ACTION ITEM
Transcribe the records below exactly as written, from the opening line through the line that contains "SoliDrip non-electric sensor-based".

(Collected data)
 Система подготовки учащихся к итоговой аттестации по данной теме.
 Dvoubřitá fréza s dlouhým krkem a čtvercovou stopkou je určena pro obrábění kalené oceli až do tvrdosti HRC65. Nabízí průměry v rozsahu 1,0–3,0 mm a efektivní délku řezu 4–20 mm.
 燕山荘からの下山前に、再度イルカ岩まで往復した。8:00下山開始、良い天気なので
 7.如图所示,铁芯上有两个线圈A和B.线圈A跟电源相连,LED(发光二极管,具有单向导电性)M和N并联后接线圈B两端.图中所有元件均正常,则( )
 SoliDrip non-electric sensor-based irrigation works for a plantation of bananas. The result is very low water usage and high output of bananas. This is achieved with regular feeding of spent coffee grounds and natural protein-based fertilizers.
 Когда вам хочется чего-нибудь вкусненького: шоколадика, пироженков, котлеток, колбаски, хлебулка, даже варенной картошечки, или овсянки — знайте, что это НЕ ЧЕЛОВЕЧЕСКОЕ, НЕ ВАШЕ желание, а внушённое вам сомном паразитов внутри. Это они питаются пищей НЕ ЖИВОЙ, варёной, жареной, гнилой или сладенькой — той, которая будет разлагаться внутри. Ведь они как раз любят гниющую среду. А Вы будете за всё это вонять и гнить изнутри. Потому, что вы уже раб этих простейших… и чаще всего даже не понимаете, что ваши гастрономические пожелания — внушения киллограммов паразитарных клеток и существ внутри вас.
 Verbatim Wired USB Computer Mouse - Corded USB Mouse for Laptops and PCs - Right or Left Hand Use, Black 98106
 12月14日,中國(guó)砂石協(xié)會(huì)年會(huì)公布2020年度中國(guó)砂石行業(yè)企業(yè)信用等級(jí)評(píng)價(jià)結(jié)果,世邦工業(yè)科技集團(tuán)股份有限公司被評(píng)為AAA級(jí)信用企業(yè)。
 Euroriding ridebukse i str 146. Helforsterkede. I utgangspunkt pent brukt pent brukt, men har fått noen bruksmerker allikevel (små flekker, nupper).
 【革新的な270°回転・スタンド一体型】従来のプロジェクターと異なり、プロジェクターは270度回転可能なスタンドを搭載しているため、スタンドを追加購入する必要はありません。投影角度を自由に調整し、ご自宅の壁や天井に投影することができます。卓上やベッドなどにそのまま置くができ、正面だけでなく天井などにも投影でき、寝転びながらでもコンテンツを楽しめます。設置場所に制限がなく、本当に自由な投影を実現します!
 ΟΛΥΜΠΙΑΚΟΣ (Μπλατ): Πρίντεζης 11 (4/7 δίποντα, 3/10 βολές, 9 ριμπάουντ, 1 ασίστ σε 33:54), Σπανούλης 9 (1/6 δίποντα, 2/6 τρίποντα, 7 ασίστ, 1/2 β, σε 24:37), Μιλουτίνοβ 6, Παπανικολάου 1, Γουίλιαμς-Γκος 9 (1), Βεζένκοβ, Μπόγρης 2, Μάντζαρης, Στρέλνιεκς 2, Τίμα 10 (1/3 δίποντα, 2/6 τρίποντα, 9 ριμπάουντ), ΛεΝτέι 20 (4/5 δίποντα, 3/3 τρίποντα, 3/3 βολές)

YOUR SOLUTION
 Система подготовки учащихся к итоговой аттестации по данной теме.
 Dvoubřitá fréza s dlouhým krkem a čtvercovou stopkou je určena pro obrábění kalené oceli až do tvrdosti HRC65. Nabízí průměry v rozsahu 1,0–3,0 mm a efektivní délku řezu 4–20 mm.
 燕山荘からの下山前に、再度イルカ岩まで往復した。8:00下山開始、良い天気なので
 7.如图所示,铁芯上有两个线圈A和B.线圈A跟电源相连,LED(发光二极管,具有单向导电性)M和N并联后接线圈B两端.图中所有元件均正常,则( )
 SoliDrip non-electric sensor-based irrigation works for a plantation of bananas. The result is very low water usage and high output of bananas. This is achieved with regular feeding of spent coffee grounds and natural protein-based fertilizers.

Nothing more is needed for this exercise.